Book Review: Resurrection Day
Any person interested in history is often consumed with the thought of “what might have been”. What would have happened if Napoleon had won the Battle of Waterloo? What if the French had settled what is now the Eastern Seaboard of the United States of America? What if the Maori had never signed the Treaty of Waitangi? Alternative History provides a rich vein of imaginative ideas for storytelling, exploited with great cunning by many a fiction author. Some, such as Robert Harris' Fatherland which poses the question of what would have happened to Europe and the Holocaust if the Nazi's had won World War Two, are considered masterpieces. Resurrection Day, by Brendan DuBois, deserves the same acclamation.
Resurrection Day is set some ten years after the Cuban Missile Crisis, centred around the the character of Carl Landry. The difference between our history and the history of Resurrection Day is the outcome of the Cuban Missile Crisis. In our timeline, President Kennedy enforced a blockade, resisted pressure to attack Cuba when a U2 reconnaissance plane was shot down, and negotiated a withdrawal of the Soviet nuclear missiles from Cuba. In the timeline of Resurrection Day however, things go drastically wrong. An aggressive U.S. General takes matters into his own hands and retaliates for the downing of the craft, leading to an invasion, a nuclear exchange, and the deaths of millions of Americans as a result. Resurrection Day is set in the aftermath of this war, in which the surviving members of President Kennedy's administration are war criminals, and the U.S. is reduced to being a semi-despotic Second World state reliant on the goodwill of the U.K. while the European Powers reassume their dominance of the globe.
So what makes Resurrection Day such a good read? It is certainly a believable alternative history – it does not require a great shift in events as the turning point is a “nexus” point on the historical line (where the result hung in the balance). The characters in the story are human, realistic, and develop well through the progress of the story.
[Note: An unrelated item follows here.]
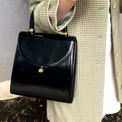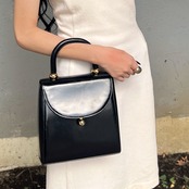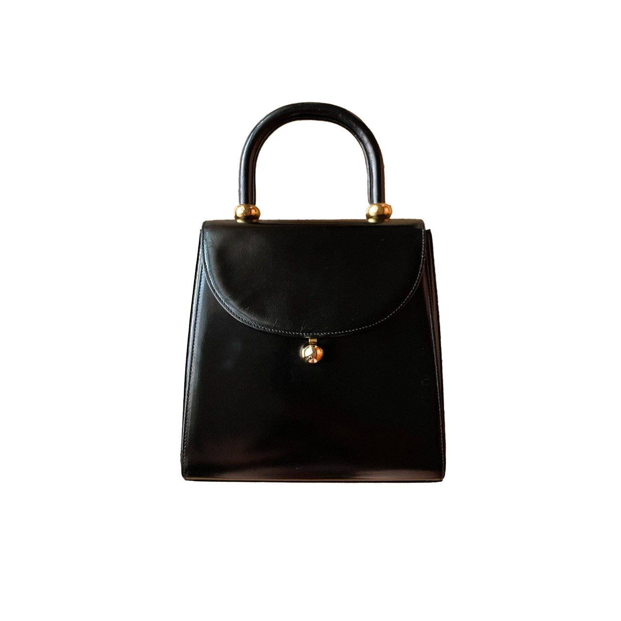 黒にゴールドの組み合わせが高級感溢れるスクエアバッグ。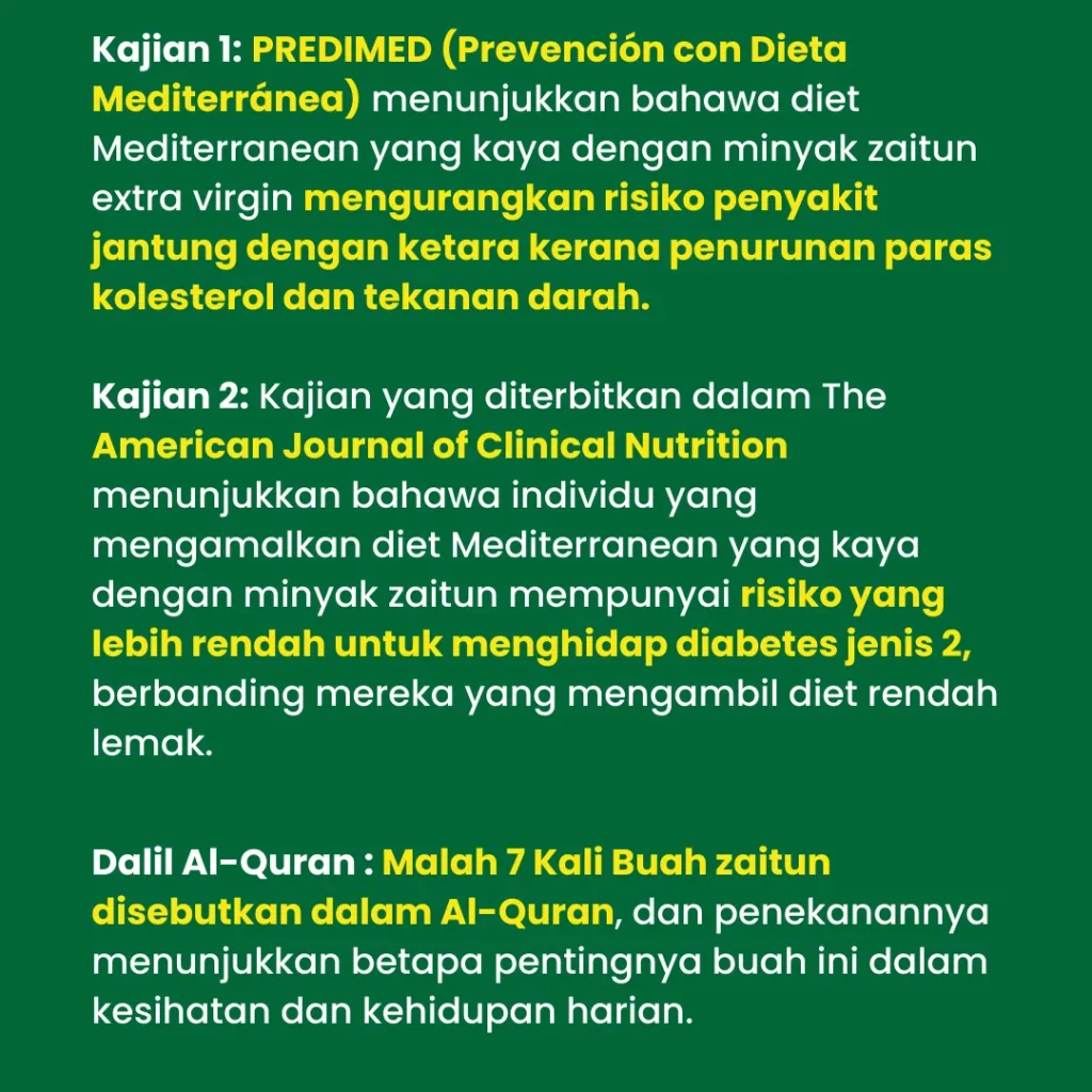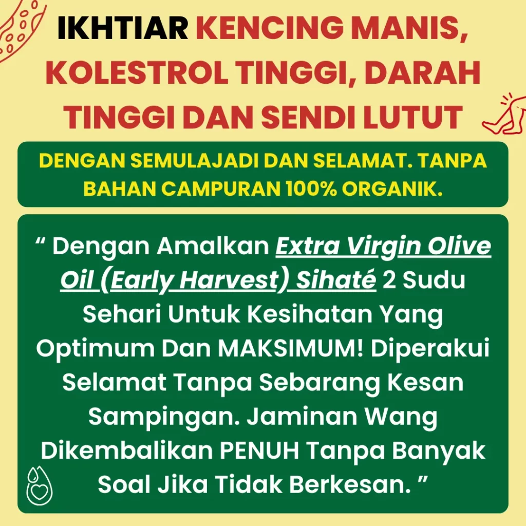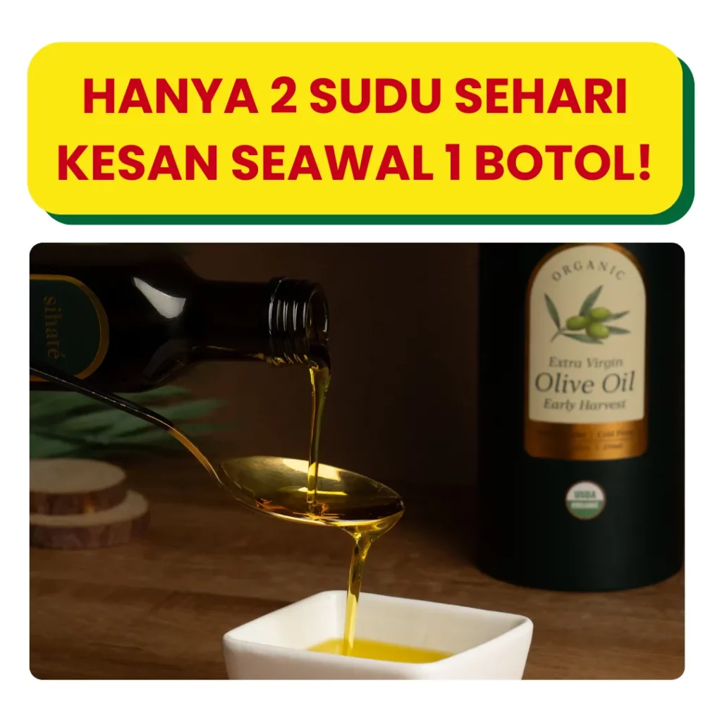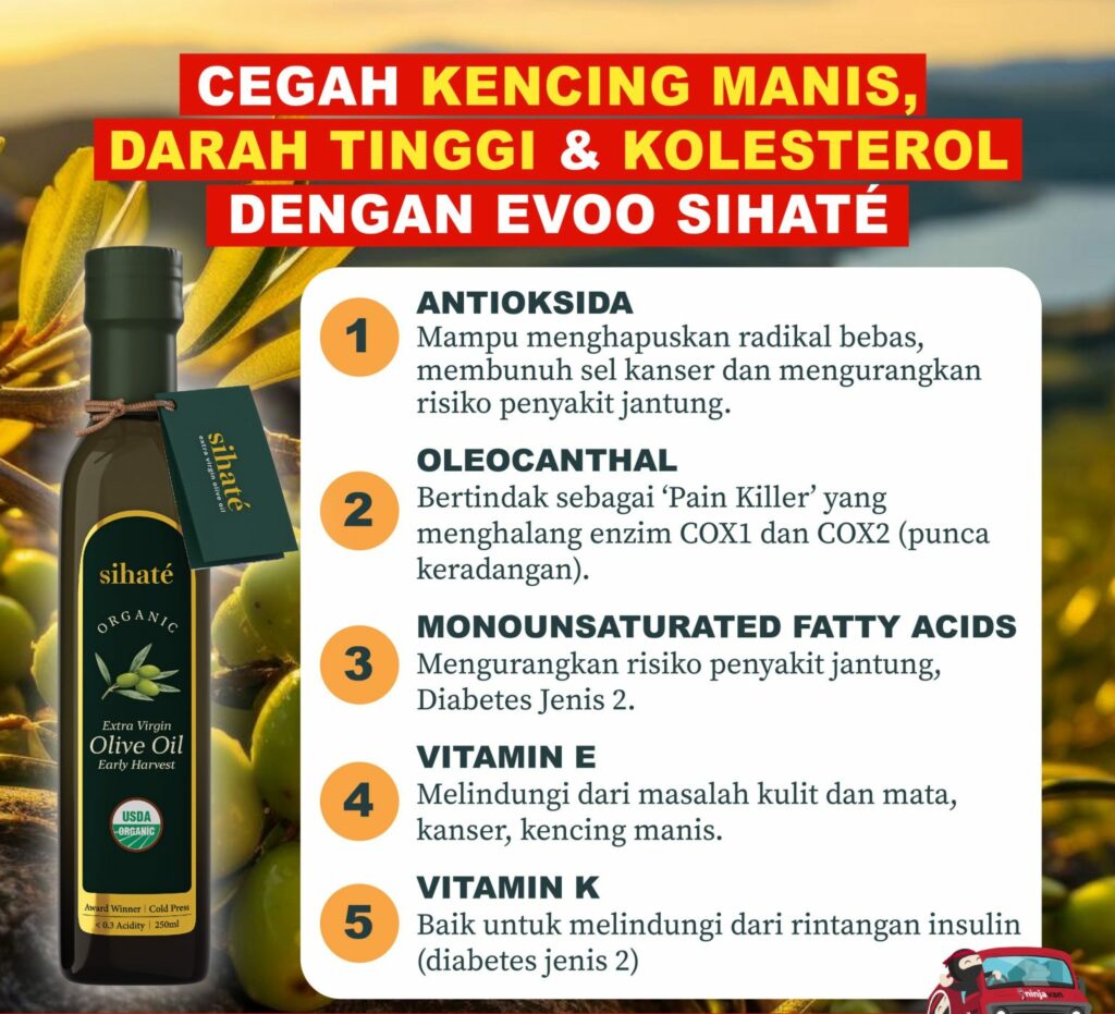 EVOO Sihaté kaya dengan polifenol, antioksidan, dan lemak tak tepu yang membantu meningkatkan sensitiviti insulin, mengurangkan tekanan darah, dan menurunkan kolesterol jahat (LDL).

Rather than presenting all the facts of the alternative world, the facts are teased out over the course of the novel. The story has competing factions exerting influence over events as they unravel. Admittedly Resurrection Day is a typical “conspiracy” style of novel as so often occurs in alternate histories (whether it be to overthrow an occupying power, or uncover a hidden conspiracy that goes right to the core of the government), but what exactly the mystery is and is not is never clear until the final pages. Indeed, DuBois leads the imagination along several different false possibilities before revealing the truth. The title itself is just as cryptic, not making much sense until well into the novel. Like Carl Landry, the reader is left wondering just who the “hero” of the story can actually trust as the story weaves and twists along its arc.
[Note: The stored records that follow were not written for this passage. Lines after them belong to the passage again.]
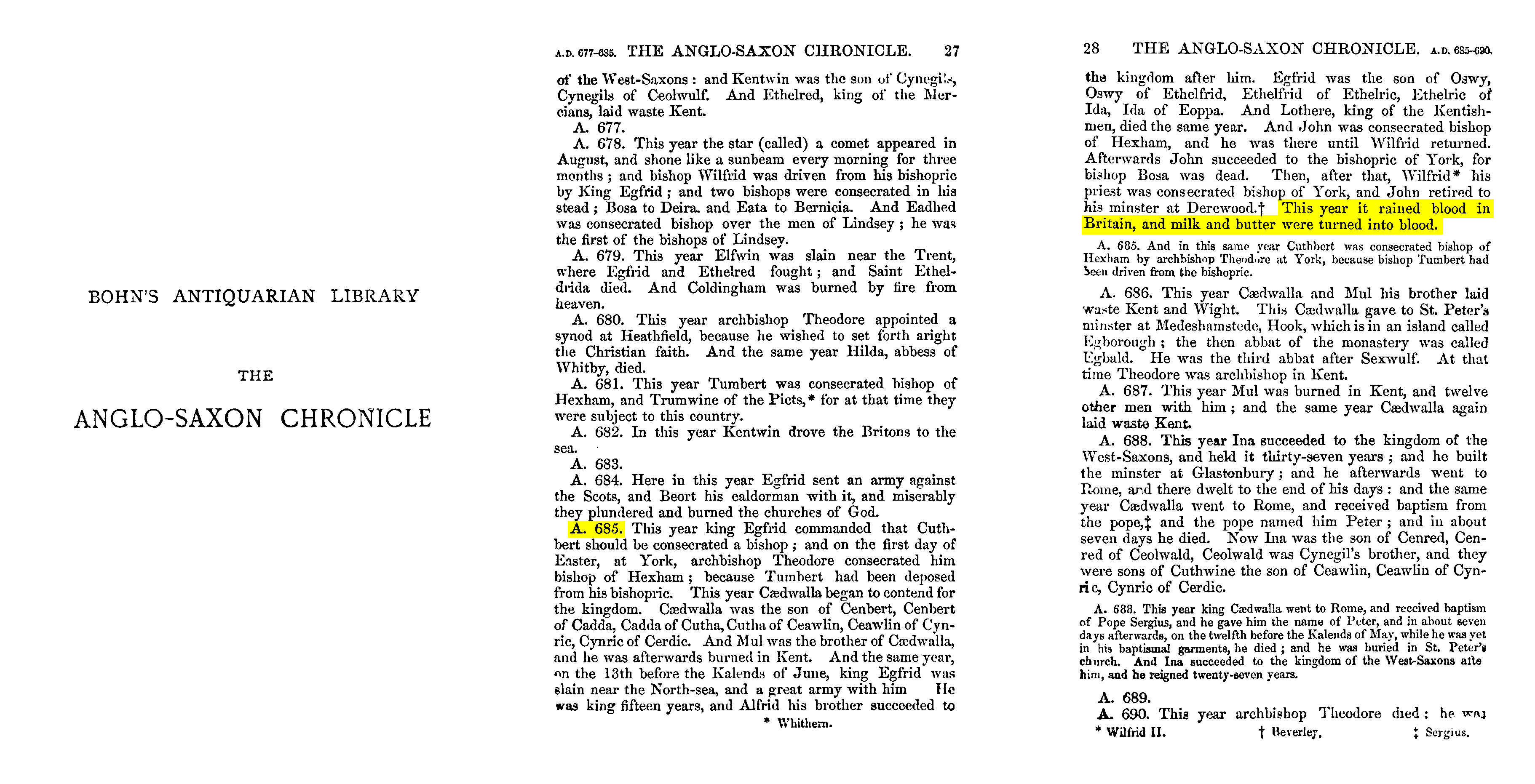 In the year 685 (65-66 AH): Here in Britain there was Bloody rain, and milk and butter were turned to blood.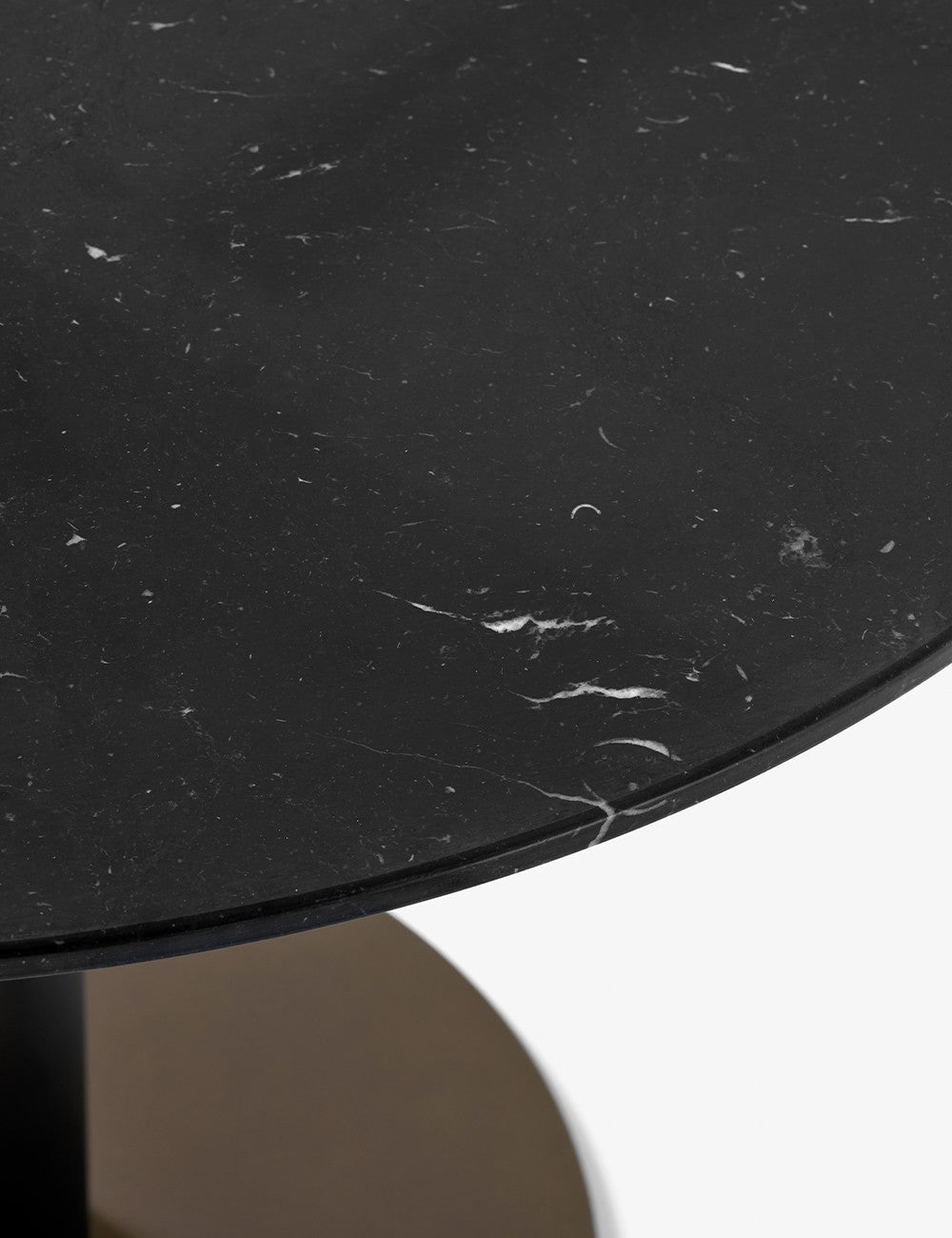La base tubulaire de la table est en acier noir ou bronzé durable et le plateau est en marbre poli avec une finition mate.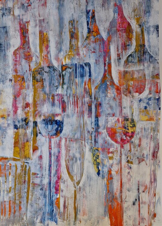 In my work I have worked with acrylic paints to create a semi-abstract image that captures the essence and spirit of wine. The flowing lines and warm tones reflect the excitement and passion that the process of drinking wine evokes. This painting brings an atmosphere of conviviality and enjoyment into your home and invites you to linger and celebrate. The picture is painted on 600g handmade paper.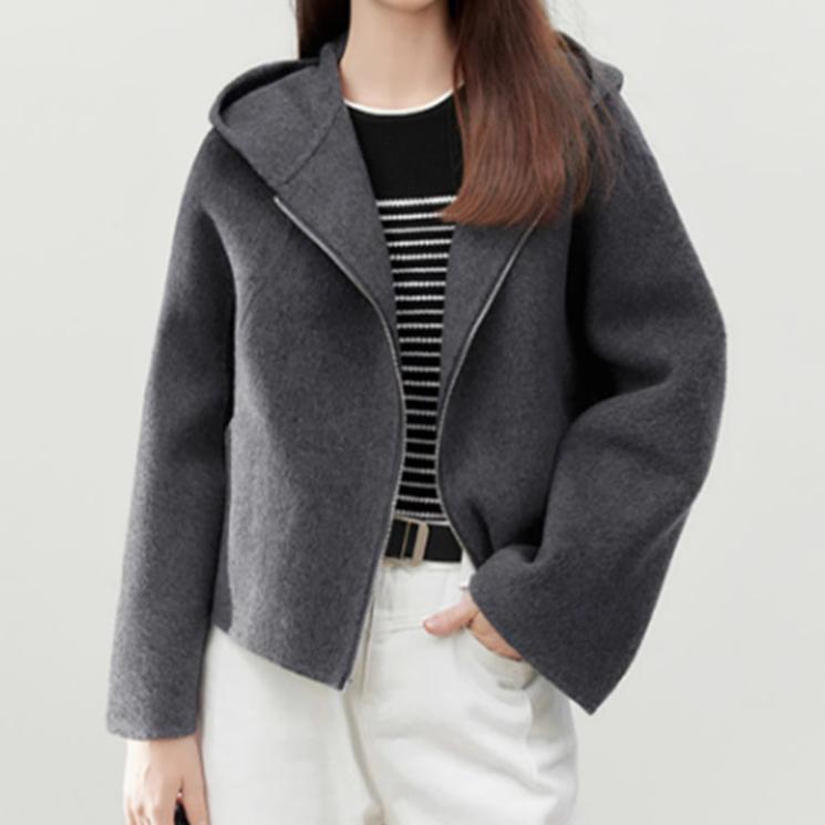 Gray Double-faced Woolen Goods Short Women’s Coat

So what is wrong with the novel? Conceptually, not a lot. Only one or two characters are portrayed as being “totally evil”, probably because not a lot of attention is paid to them in their ancillary roles in the storyline. All the other “bad” characters are revealed to have other sides to their personalities, a welcome relief from the inept dual dichotomy that other adversarial novels often propagate. Perhaps the main flaw is that it (deliberately) leaves some questions unanswered, as one might expect in reality. While this lends to the believability of the novel, it does leave the imagination to run away with possibilities; for those who prefer novels that cross all the t's and dot the i's this will disappoint. Furthermore, one aspect of the ending is, while sentimental and nice in finishing the book on a happy note, slightly tacky and predictable given certain statements through the course of the book (it is a loose end that is tied up). Finally, if one has grave concerns about reading novels where “extra-marital relations” occur, then this book may not be for you (unless you skip the bits). It's only a minor point in the story, but it is there nevertheless.
If you are looking for a good alternative history then this novel is heartily recommended to you. You will struggle to place it down, I am certain. Do not be concerned by the subject matter – this is not an “apocalyptic” novel like Nevil Shute's On The Beach or the 1980s BBC docu-drama Threads (where a nuclear attack on Britain leads 15 years later to a medieval-level population living in a similar if not worse state of civilisation). It does concern the results of a nuclear war, however, and the upheaval to both American and global society as a result. Well written, powerful and compelling, but most frightening of all plausible, this novel is worthy of nine stars out of ten.